The North American Regional Broadcasting Agreement (NARBA) moved WIBX to 1230 kHz on March 29, 1941. However, on this frequency, the station remained at low-power, 250 watts, as had been the case at 1200 kHz. That meant it could not be easily heard in nearby Rome at night, leading the Rome Sentinel to apply for a 5,000-watt station serving both cities in 1946. Afraid that the new station, which eventually became WRUN, would prove more attractive for CBS, WIBX sought to upgrade to its own 5,000-watt facility.
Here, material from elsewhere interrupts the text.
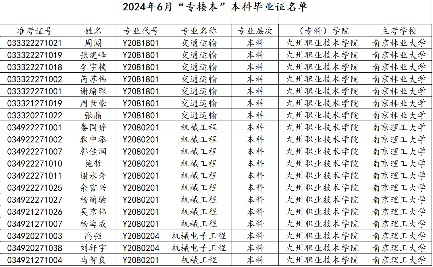机电学院2024年6月“专接本”毕业证、学位证领取名单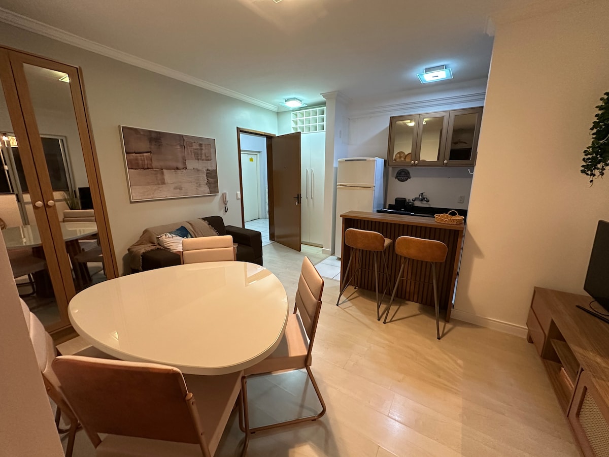 Um apartamento completo para você e sua família, com duas suítes com box de mola, tamanho casal e uma cozinha completa para fazer a sua refeição. Internet Wifi de boa qualidade e amplo espaço para trabalhar. Estacionamento coberto, no prédio. Você terá comodidade, conforto com camas e chuveiros de ótima qualidade. Em localização privilegiada, próximo a mercados, farmácias, padarias e restaurantes. Também esta a duas quadras do hospital de Clinicas e três quadras do Hospital Pronto Clinicas.

On May 2, 1947, the Federal Communications Commission granted WIBX a move to 950 kHz from a transmitter site in Whitesboro, New York, with the new facility going on the air in early 1948. The 1230 frequency was relocated to nearby Little Falls, and would return to the air in 1952 when WLFH (now WIXT) signed-on. The WIBX studios would relocate to Whitesboro as well in the early 1960s. An FM sister station at 98.7, WIBQ (now WLZW), was added January 1, 1974. An earlier WIBX-FM at 96.9 FM first signed on in October 1946, but left the air during the early 1950s, when few people owned FM radios.

===Sportswatch===
WIBX included in its line up the sports program Sportswatch, which debuted in the 1950s and included among its numerous hosts Bill O'Donnell, Lee "Hacksaw" Hamilton, Tim Roye, Bob Papa, Jim Jackson, and Mike Haynes. Sportswatch ended its run in January 2013.

===All-Talk format===
The Bowen family sold WIBX to Marathon Communications in 1979. Soon afterward, the station's longstanding full service middle of the road format began evolving away from music in favor of increased news, talk, and sports programming. After REBS, Inc. acquired WIBX in 1985, music programming was dropped entirely, outside of the station's Sunday morning Polish language program, Polonaise. Maritime Broadcasting bought the station in 1988. The station was then sold to 950 Communications Corporation in 1992, to Forever Broadcasting in 1996, and to Regent Communications (the predecessor to Townsquare Media) in 1999. Regent moved its Utica-area stations to studios in Marcy, New York, in 2003. WIBX ended its long affiliation with CBS on February 28, 2011, when it joined Fox News Radio.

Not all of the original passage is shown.